Rencana Hidup

1.6K 241 1
                                    

Sore ini Arkan berbincang dengan Lukman, ayahnya, mengenai rencana studi lanjutannya di teras belakang rumah. Cangkir teh hangat di atas meja bundar mengepulkan asap tipis.

Lukman bukan tipe orang tua yang banyak menuntut, asal anaknya senang dengan yang dijalaninya dan itu hal yang baik, ia akan setuju. Apalagi sebagai ayah, ia sudah mengenal anak laki-lakinya dengan baik, ia tahu Arkan anak yang cerdas dan sudah punya rencana sendiri untuk hidupnya.

“Apa kamu nggak tertarik kerja di LIPI?”

“Arkan nggak tertarik jadi PNS, Yah. Nggak apa-apa, kan, kalau aku nggak ngikutin jejak Ayah sekarang?"

Lukman tertawa mendengar pertanyaan Arkan, “Emang Ayah pernah bilang kamu harus jadi PNS? Terserah kamu mau jadi apa, asal jangan jadi pengangguran abadi.”

“Aku sebenarnya ada niatan untuk lanjut S2, tapi masih bingung di mana.”

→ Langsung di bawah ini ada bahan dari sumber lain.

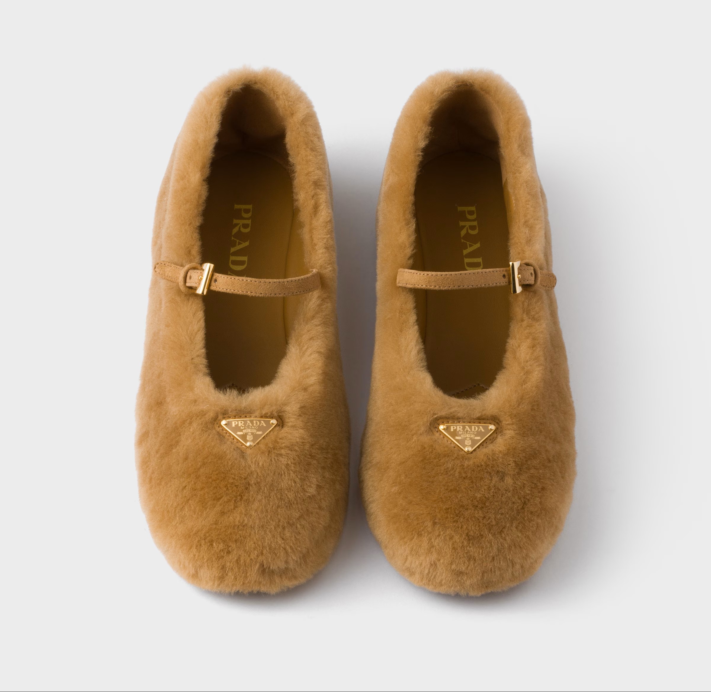 Ballerina berbahan shearling ini menghadirkan sentuhan lembut yang memberi rasa hangat sekaligus kenyamanan saat digunakan. Siluetnya tetap ramping sehingga mendukung tampilan kasual yang rapi. Kombinasi tekstur dan desain yang tidak berlebihan menjadikan item ini opsi gifting yang fungsional namun tetap berkelas.

“Di Jogja lagi kenapa emang?”

“Jenuh. Aku pengin cari suasana baru buat belajarku. Tapi kalau semisal aku dapat kerjaan yang cocok untukku lebih dulu, mungkin aku akan kerja dulu dan tunda studiku. Kemarin aku sempat dikasih tau sama dosenku soal organisasi kehutanan non-profit gitu yang emang lagi nyari asisten peneliti terutama lulusan jurusan kehutanan. Aku lumayan tertarik, tapi kalo aku keterima, aku akan dikirim ke Kalimantan langsung buat tugasnya.”

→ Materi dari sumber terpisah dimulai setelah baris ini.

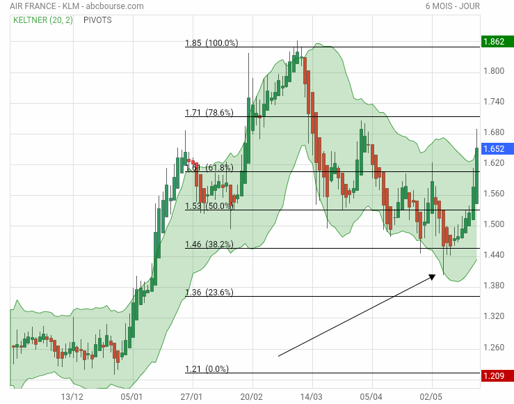 Air France en beau rebond juste au milieu des 2 fibos, vers.1.40

Lukman manggut-manggut. “Ada beberapa orang yang takdirnya emang menjelajah. Kamu salah satunya kayaknya ... susah juga punya anak yang rejekinya jauh gini." Lukman menyesap tehnya. "Pesan Ayah, sih, kamu cari kerja jangan terlalu muluk. Kebanyakan mahasiswa yang baru lulus idealismenya masih tinggi. Keukeuh maunya kerja yang sejurusan sama kuliahnya. Padahal banyak peluang lain juga,” pesan Lukman.

Arkan menatap ayahnya, ia selalu bersyukur punya ayah sehebat ini, “Iya. Jadi kalau misalnya sekarang aku jual cimol di depan SD nggak apa-apa, ya, Yah?”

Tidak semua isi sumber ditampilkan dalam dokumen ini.